GIVEN DATA:
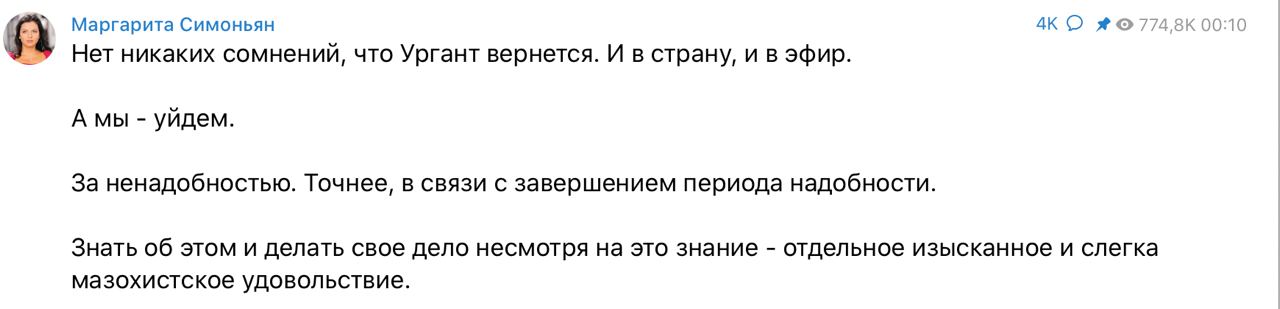 Такой пост появился у главы RT Маргариты Симоньян на фоне сообщений о закрытии «Вечернего Урганта»:
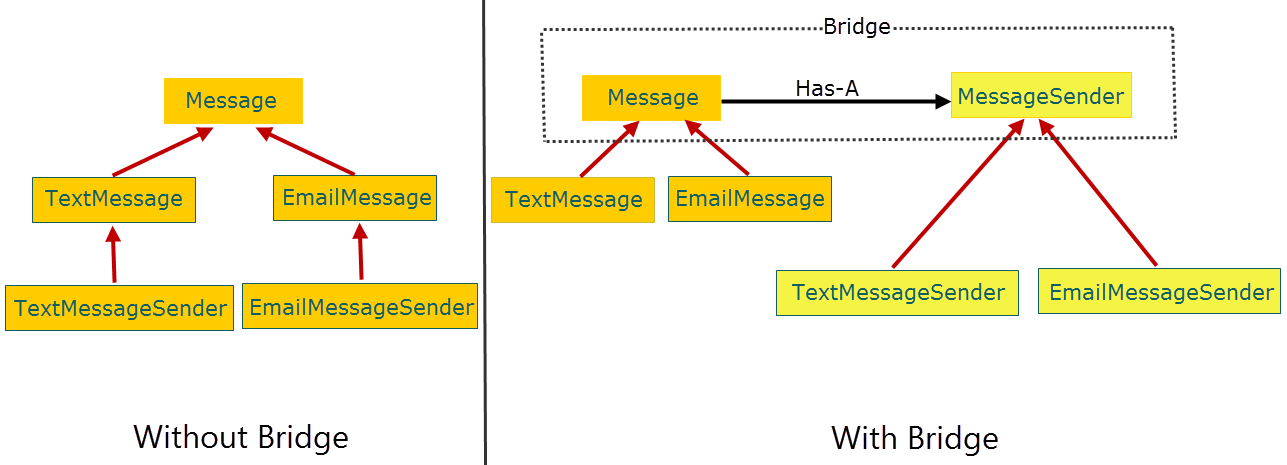 - ConcreteImplementor(TextMessageSender and EmailMessageSender): Are concrete subclasses that implements Implementor.
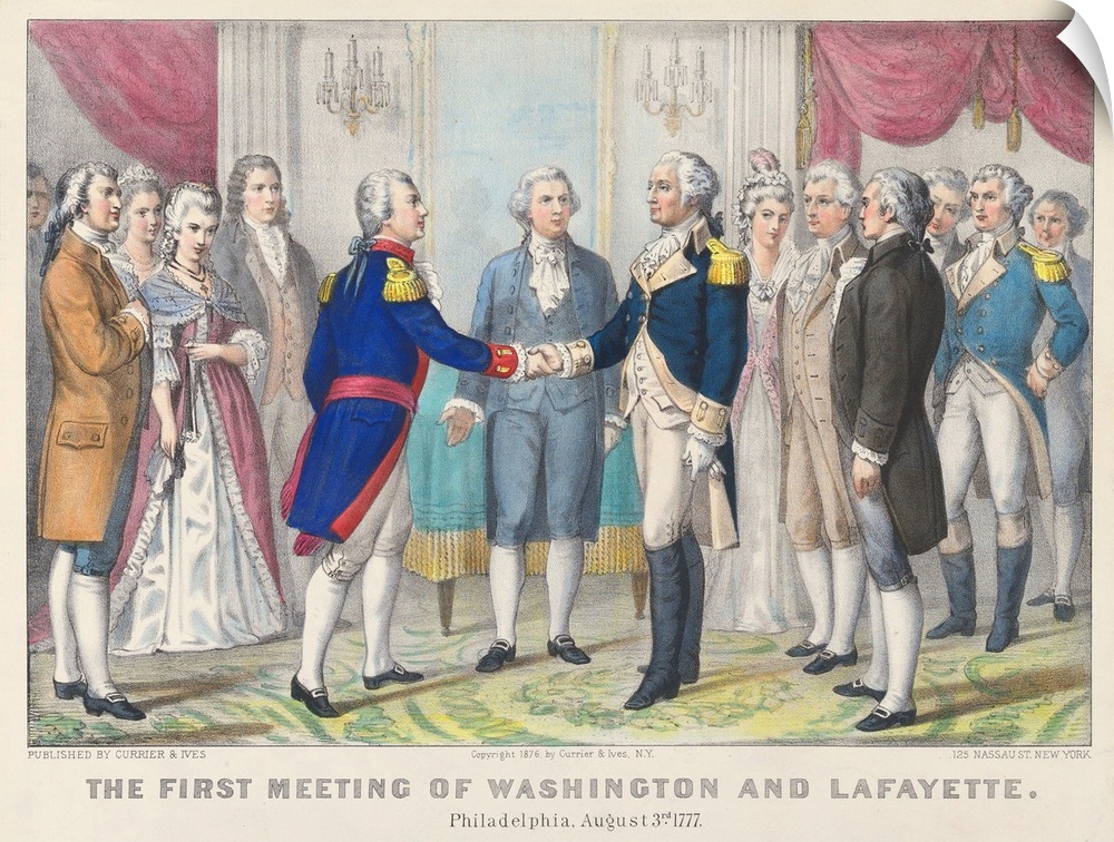 <p>The First Meeting of Washington and Lafayette in Philadelphia, August 3rd 1777, 1876 (originally hand-coloured lithograph) by Currier, N. (1813-88) and Ives, J.M. (1824-95)</p>
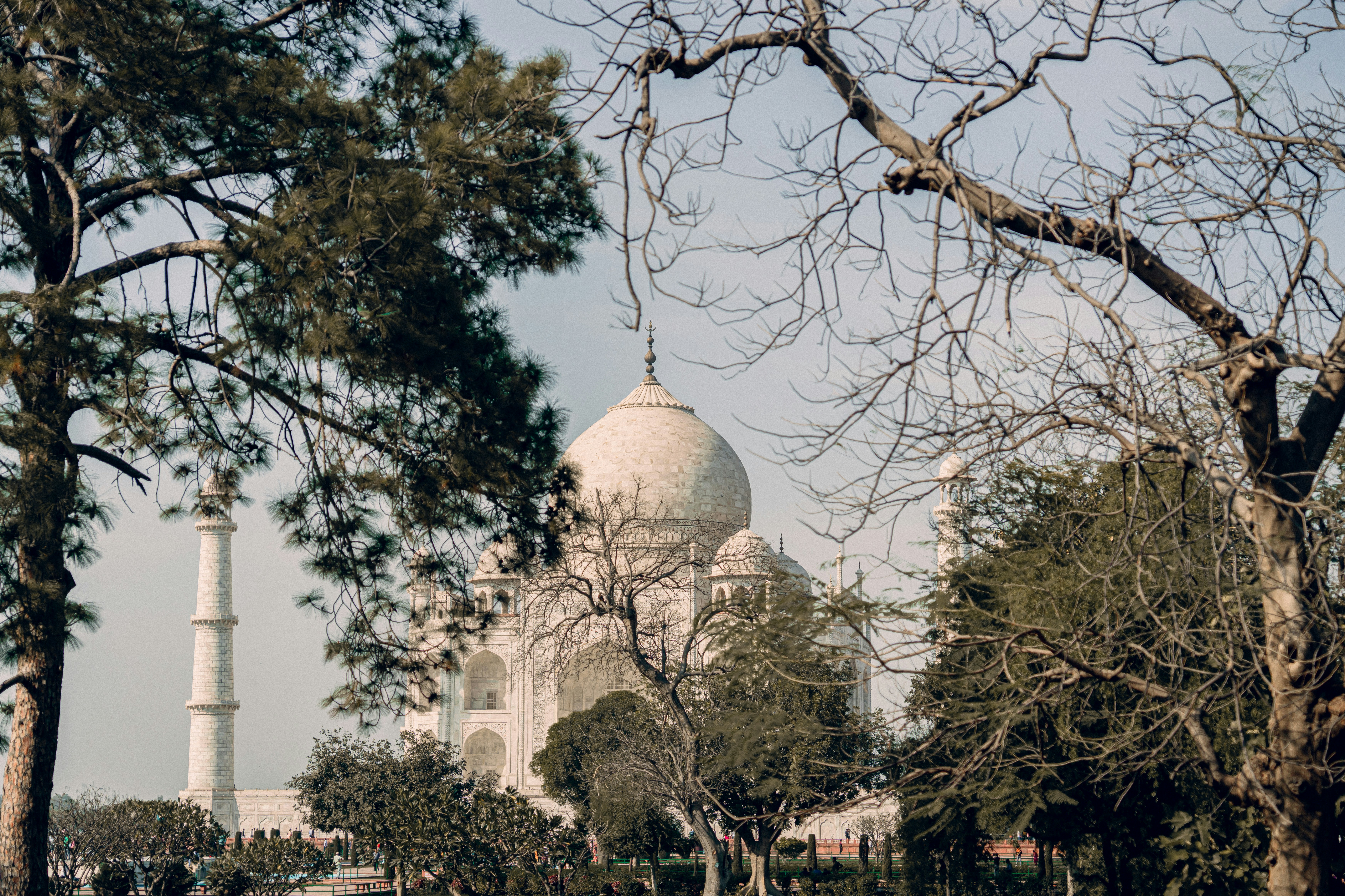 The Taj Mahal, situated in Agra, India, is a renowned white marble mausoleum constructed by Mughal Emperor Shah Jahan in memory of his wife, Mumtaz Mahal. This architectural masterpiece exemplifies Mughal design and craftsmanship, featuring intricate carvings, precise inlay work, and a symmetrical layout. The structure stands as both a testament to love and a pinnacle of Mughal architectural achievement.
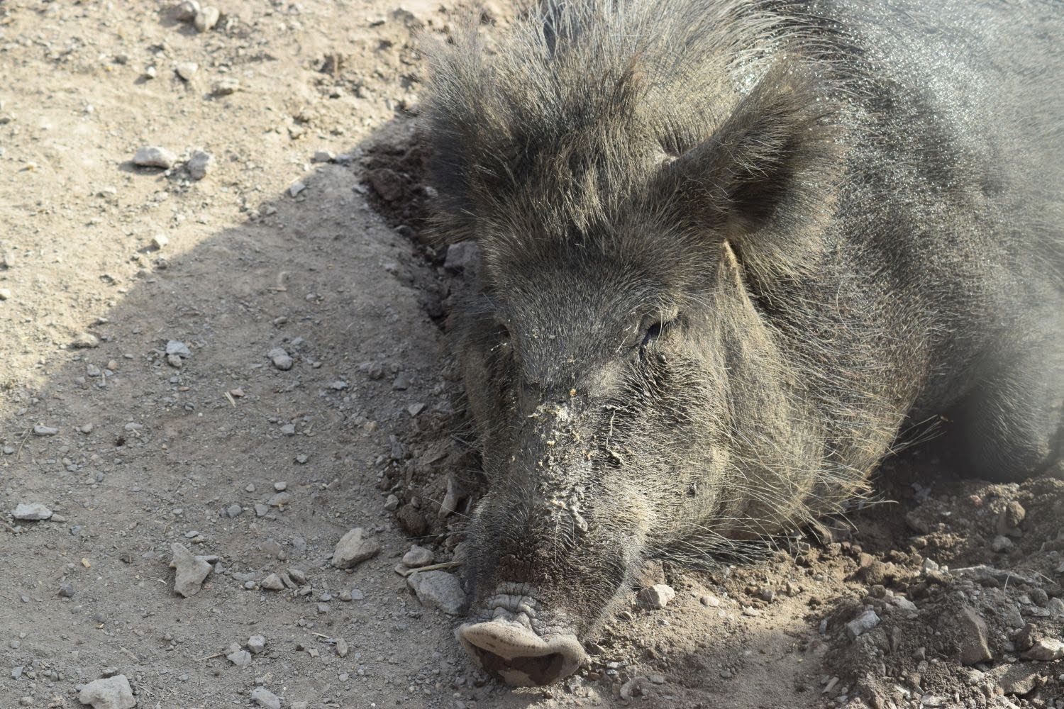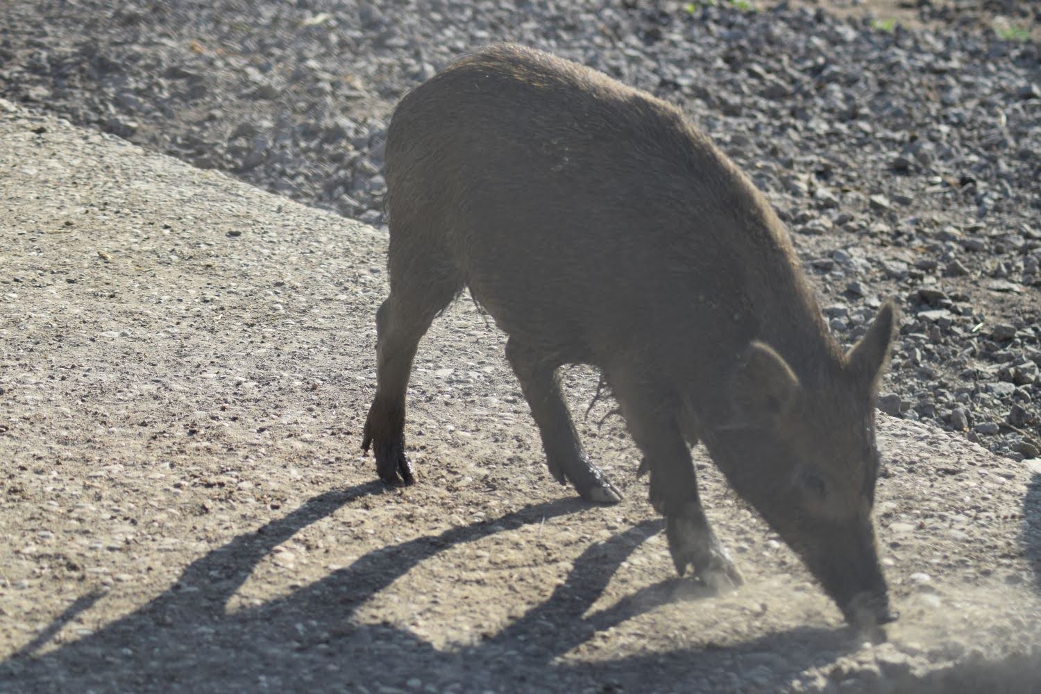 Direkt neben dem Rotwild wohnen – kaum zu überhören – die Wildschweine. Das Wildschweingehege gefällt uns richtig gut, weil es einfach sehr artgerecht gestaltet ist. Auch hier haben die Tiere ein sehr großes Gelände. Es gibt viele Büsche, die den Tieren Deckung bieten und Möglichkeiten zum Suhlen. Gerade das Suhlen ist für Wildschweine sehr wichtig, da ihnen die dicke Schlammschicht Schutz vor bspw. Insekten bietet. Aber Achtung Wildschweine – besonders männliche Wildschweine (Keiler) – sind mit Vorsicht zu genießen, da sie ordentlich scharfe Eckzähne (Gewaff) haben.

PROBLEM DETAILS: Every line above should be reproduced exactly, please, with no pictures included.

TASK ANSWER:
 Такой пост появился у главы RT Маргариты Симоньян на фоне сообщений о закрытии «Вечернего Урганта»:
 - ConcreteImplementor(TextMessageSender and EmailMessageSender): Are concrete subclasses that implements Implementor.
 <p>The First Meeting of Washington and Lafayette in Philadelphia, August 3rd 1777, 1876 (originally hand-coloured lithograph) by Currier, N. (1813-88) and Ives, J.M. (1824-95)</p>
 The Taj Mahal, situated in Agra, India, is a renowned white marble mausoleum constructed by Mughal Emperor Shah Jahan in memory of his wife, Mumtaz Mahal. This architectural masterpiece exemplifies Mughal design and craftsmanship, featuring intricate carvings, precise inlay work, and a symmetrical layout. The structure stands as both a testament to love and a pinnacle of Mughal architectural achievement.
 Direkt neben dem Rotwild wohnen – kaum zu überhören – die Wildschweine. Das Wildschweingehege gefällt uns richtig gut, weil es einfach sehr artgerecht gestaltet ist. Auch hier haben die Tiere ein sehr großes Gelände. Es gibt viele Büsche, die den Tieren Deckung bieten und Möglichkeiten zum Suhlen. Gerade das Suhlen ist für Wildschweine sehr wichtig, da ihnen die dicke Schlammschicht Schutz vor bspw. Insekten bietet. Aber Achtung Wildschweine – besonders männliche Wildschweine (Keiler) – sind mit Vorsicht zu genießen, da sie ordentlich scharfe Eckzähne (Gewaff) haben.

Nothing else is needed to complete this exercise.